The kastom practices on Makira are among the most intact in the Solomons. Ceremonial cycles — weddings, funerals, first-birth rituals — are governed by protocols that have not been substantially modified by either colonial administration or Christianity, in some cases because the missions that arrived here were more accommodating than elsewhere, and in others because the isolation simply preserved what it found.
The South Coast Reef
The south coast is the real discovery. Facing the open Pacific, the southern reef is exposed to swells that keep casual visitors away — but between the larger swell events, in calm patches, the diving and snorkelling here is on a level that the more accessible Western Solomons can’t quite match. The fish biomass is simply higher: coral trout of a size you don’t see on regularly dived reefs, shark species doing their indifferent patrolling, and a coral structure that shows no fishing pressure to speak of.
I went out on two mornings with a local fisherman who guided me to reef sections he knew from fishing rather than diving, which meant the orientation was practical and precise. He pointed at the water in a particular spot and said “big fish here,” and he was correct.
Kastom and Community
The easiest wrong thing to do on Makira is to arrive without introduction to a village. The kastom structure means that entering community land — which is most land on the island — without proper introduction creates genuine social friction. The right approach is to ask at your guesthouse for introductions, which are arranged through family and church networks with an ease that makes the formality feel functional rather than bureaucratic.

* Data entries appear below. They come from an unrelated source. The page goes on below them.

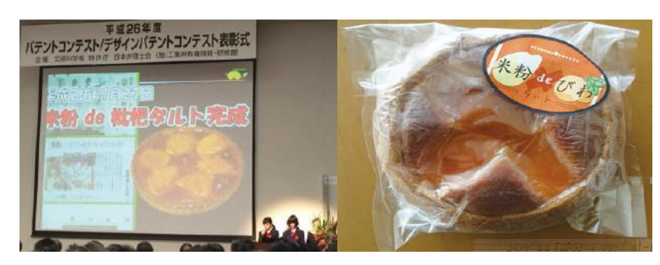
JPO Award Winning Product: "Gluten-free Tart"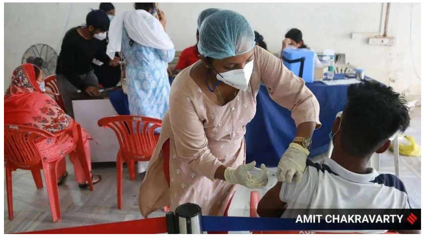
Can you be doubly infected by Covid-19 and monkeypox?

By: Lifestyle Desk | New Delhi | May 26, 2022 3:00:47 pm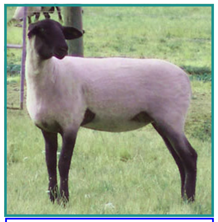
A female sheep older than one year is known as a ewe. A ewe can have one to three lambs per litter.

The mature weight of a ram, depending on the breed, ranges from 150 to 450 pounds. A ram is an intact male sheep. A castrated male is called a wether.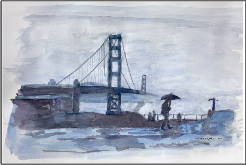
Lou Maraviglia "Rainy Day in S.F."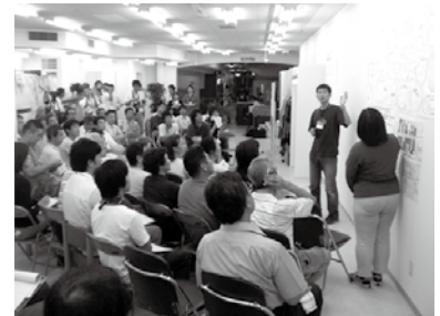
Fig4. Result Presentation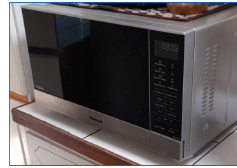
Microwave, refrigerator, single bed, all new listings under Items for Sale!

There are two "fees" that count toward the total that residents will experience moving from 'Temporary' to 'Permanent' resident: a processing fee and a 'deportation' fee. These fees have increased since I became a permanent resident, but there is something a bit unusual that I discovered while researching this change. The 'deportation'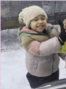
Putting on those warm gloves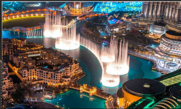
The Majestic Dubai Fountain

PIONEERS IN CURATING FUSION OF ICE, WATER & FIRE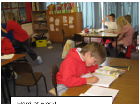
Hard at work!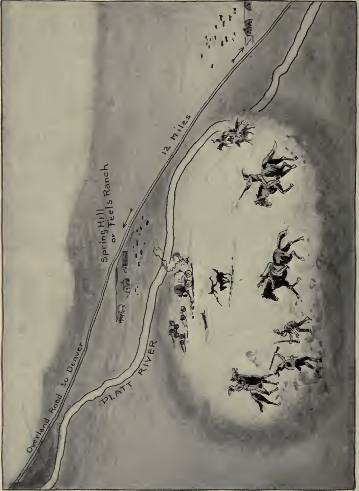
FIGHT WITH EAGLE CLAW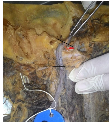
Fig. 1: Petrous part of ICA (between the 2 black lines), red arrow – artery of pterygoid canal

The mean length and diameter of the petrous and cavernous parts of the ICA are given in Table 1.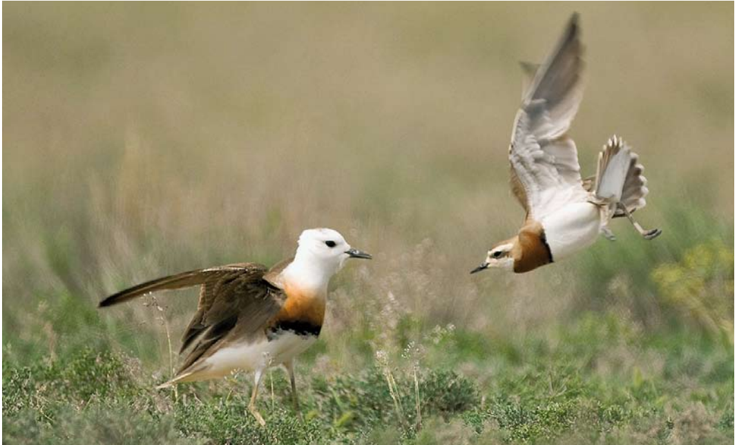
293 Oriental Plover / Steppeplover Charadrius veredus , adult male, with Caspian Plover C. asiaticus , adult male, Atanbaschik semi-desert, Aqtöbe province, Kazakhstan, 9 May 2009

The relatively fresh primaries in combination with the well-developed breast pattern indicated that the bird was an adult. First-summer males show very worn primaries and usually attain a dull breast band (Prater et al 1977).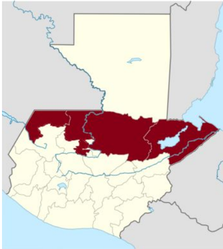
In red , the Northern Transversal Strip.

private ones of part of the political and military elite (Sabino, 2008).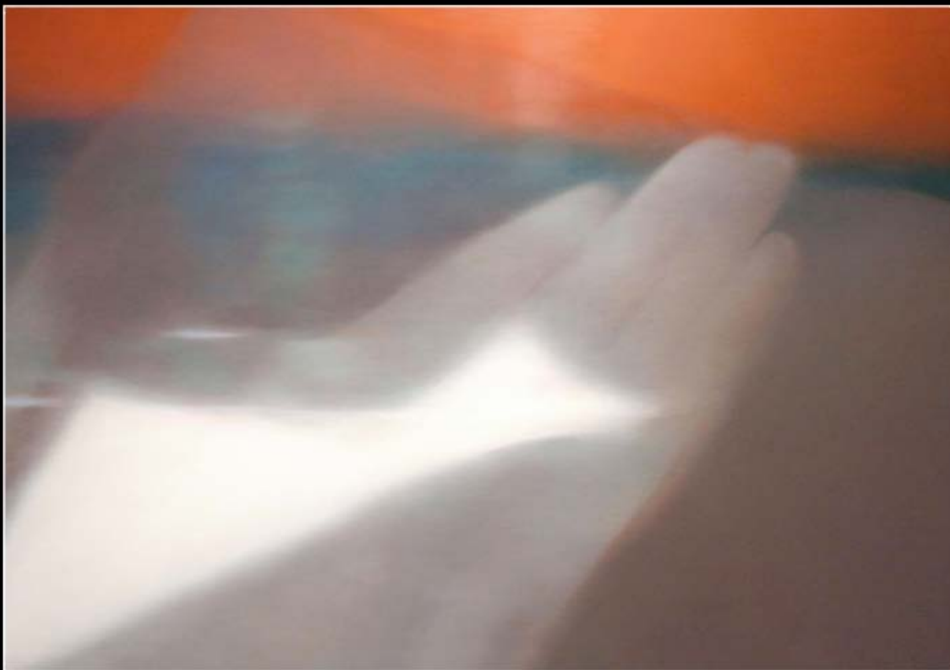
K3 Oil on canvas 51"x79" 2007/08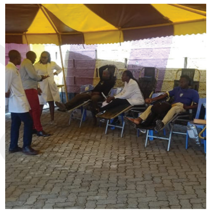
Nyeri Campus during a blood donation drive to mark World Radiography Day on November 8, 2024.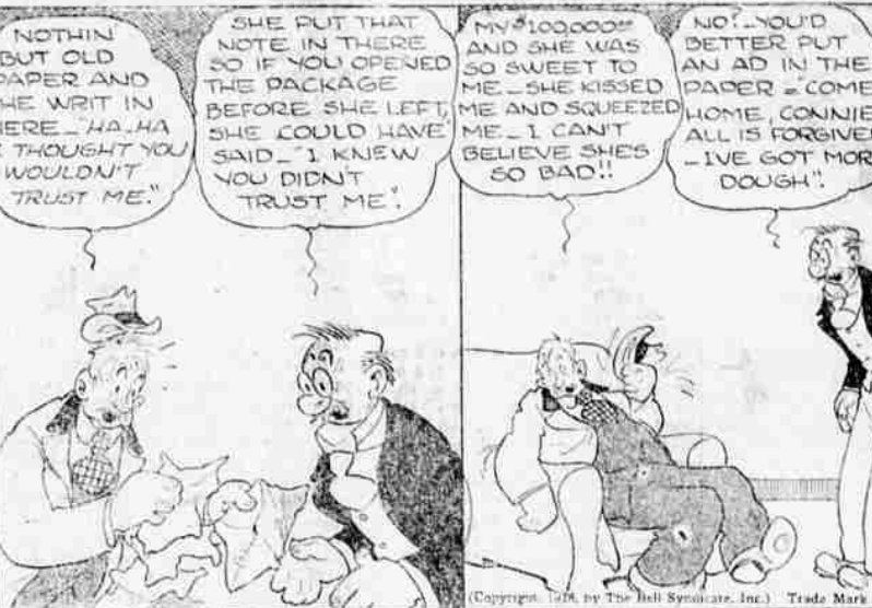
By SOL HESS

I visited a village east of Kirakira where a traditional ceremony had concluded the day before, and where the detritus of it — woven decorations, the remnants of a feast, a long oven trench still warm — was being cleared with an efficiency that suggested everyone had done this before. A man who spoke good English explained the ceremony to me while helping carry banana-leaf bundles. He seemed pleased that I found it interesting, and genuinely curious about what ceremonies we have in France that involve comparable community effort.
When to go: April through November gives the best conditions on both coasts. The south coast is most accessible May through August when the Pacific swell is at its lowest. Makira’s isolation means planning is essential — book flights and accommodation (options are extremely limited) well in advance, and build extra days into your itinerary for weather-related delays on the return to Honiara.